These delicious Instant Pot turkey meatballs are inspired by the classic Japanese teriyaki chicken dish. Instead of using chicken, opted for simple and affordable ground turkey. The meatballs are cooked in a savory Asian broth full of umami flavors.
For the meatballs
- 500 g / 1.1 lb ground turkey meat (I used 2% fat mince)
- 2 tablespoons chopped fresh cilantro (coriander)
- 1/2 long red chilli, finely diced
- 1/2 teaspoon white pepper (black is okay but white has a more oriental flavour)
- 1/2 teaspoon sea salt
- 2/3 teaspoon onion powder (optional)
- 1 tablespoon Tamari or soy sauce (see notes)
- 2 teaspoons sesame oil
For the sauce
- 1/2 medium onion, finely chopped
- 1 tablespoon coconut oil
- 2 large cloves of garlic, grated
- 1 teaspoon of grated ginger
- 2/3 cup chicken stock
- 3 tablespoons Tamari or soy sauce (see notes)
- 1 teaspoon fish sauce
- 3 tablespoons lime or lemon juice
- 1 teaspoon sesame oil
- 2 tablespoons mirin (see notes)
- 1 tablespoon honey
- 1 tablespoon arrowroot starch or tapioca starch (see notes)
- Black and/or white sesame seeds for garnish
- Add the meatballs ingredients to a bowl and combine together using your hands.
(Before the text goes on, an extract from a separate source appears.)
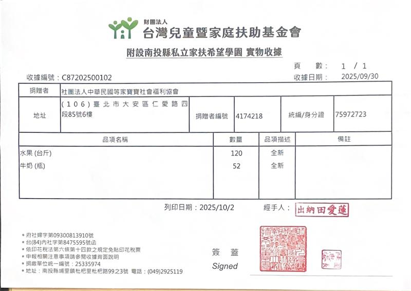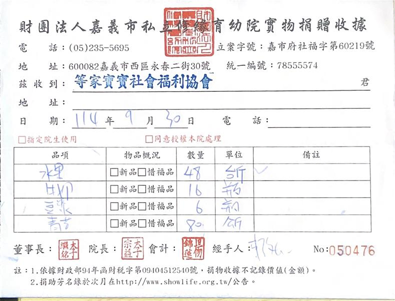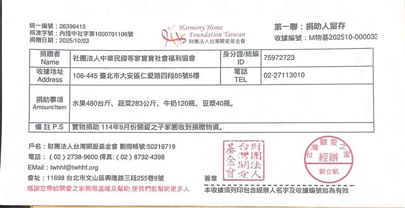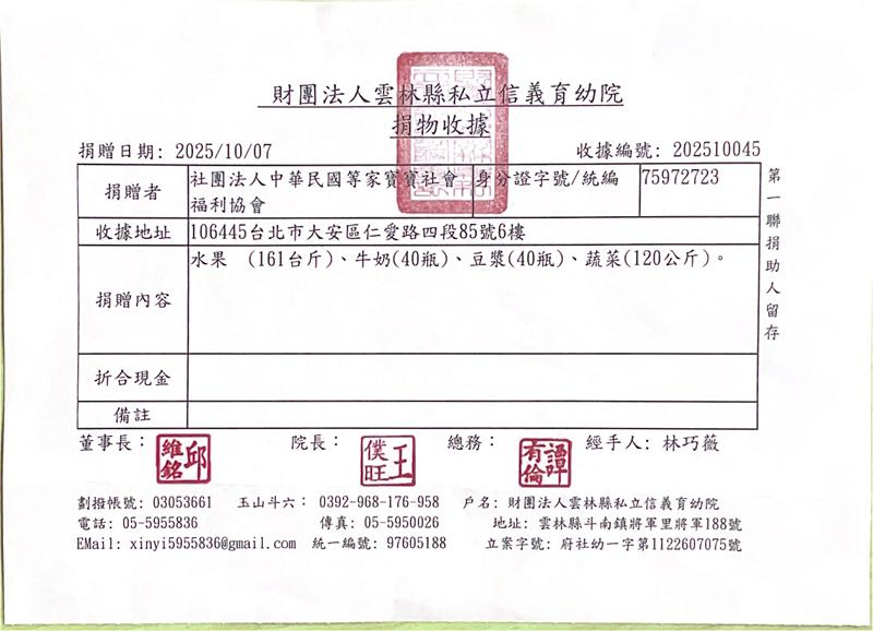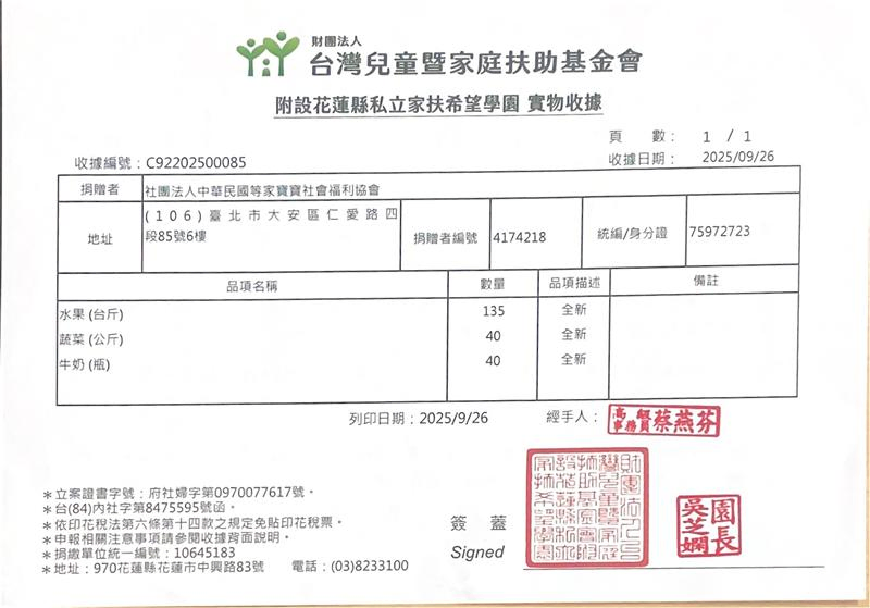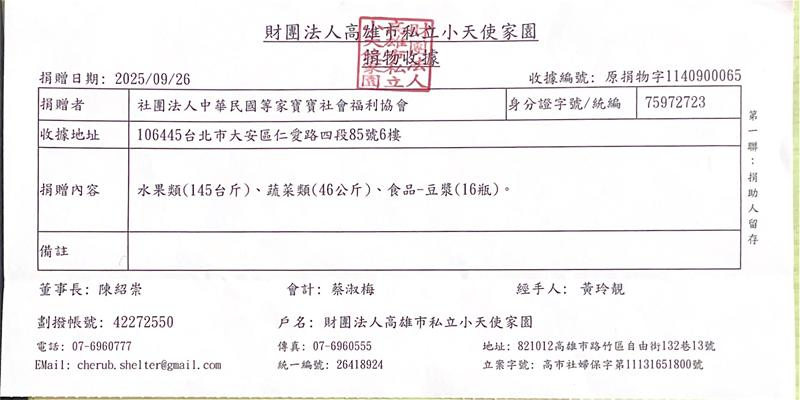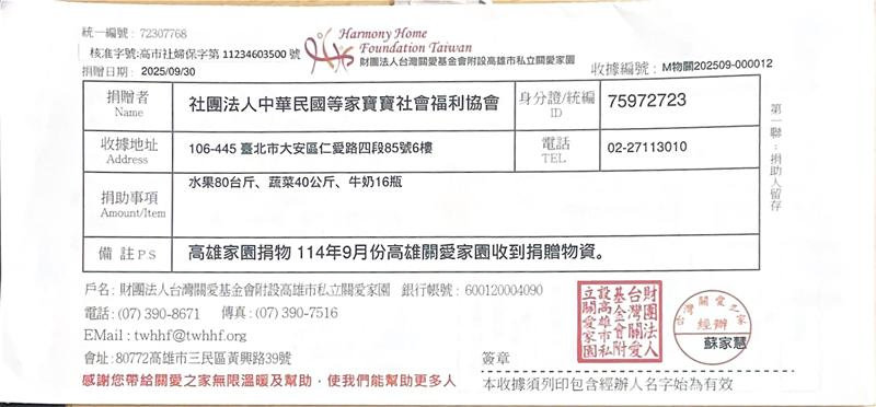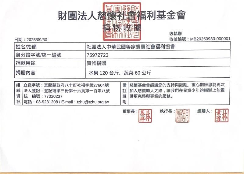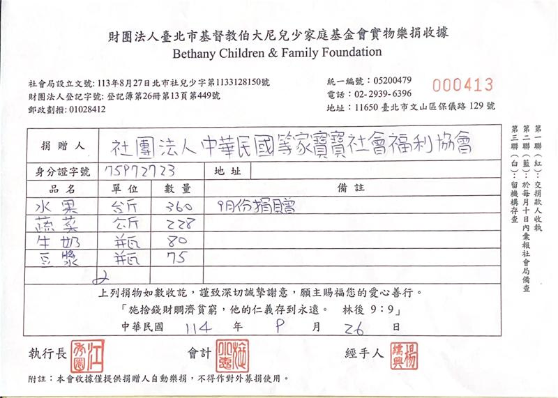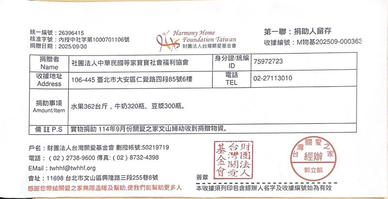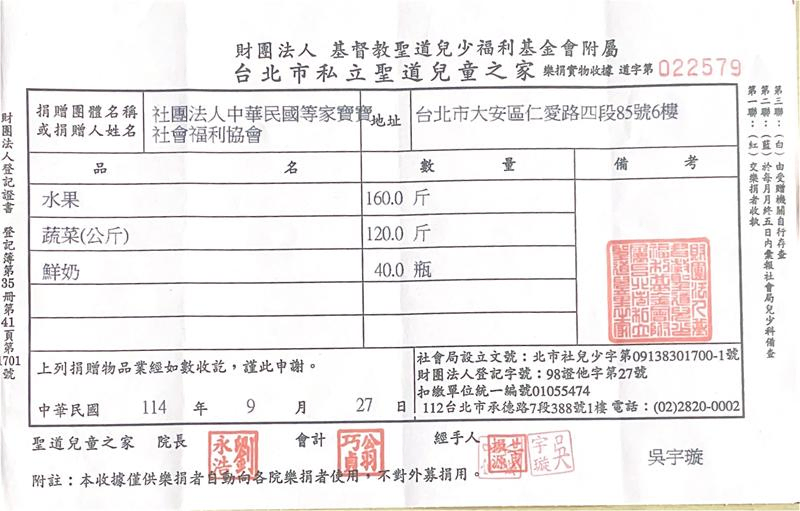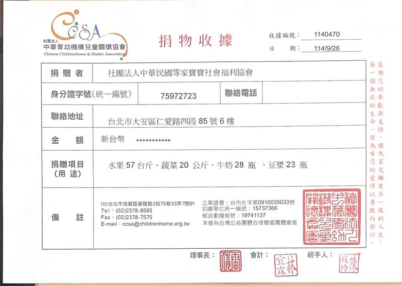 感謝每一位贊助者,您的每一份愛心我們都確實送達到育幼院囉! 邀請您與我們一起用新鮮蔬果、牛奶陪伴等家寶寶健康地長大,用愛心豐富孩子們的童年😊

Make sure to mix the meat through really well to incorporate all of the flavours.
- Wet your hands and roll the mixture into small meatballs (about 12-14 balls). Set aside.
- Turn the Instant Pot on and press Sauté function key (it should say High, 30 mins). Add the onion and coconut oil to the pot and cook for 3-4 minutes, until softened slightly. Add the garlic and ginger and stir through for 30 seconds to a minute. Then turn the Sauté off by pressing the Keep Warm/Cancel button.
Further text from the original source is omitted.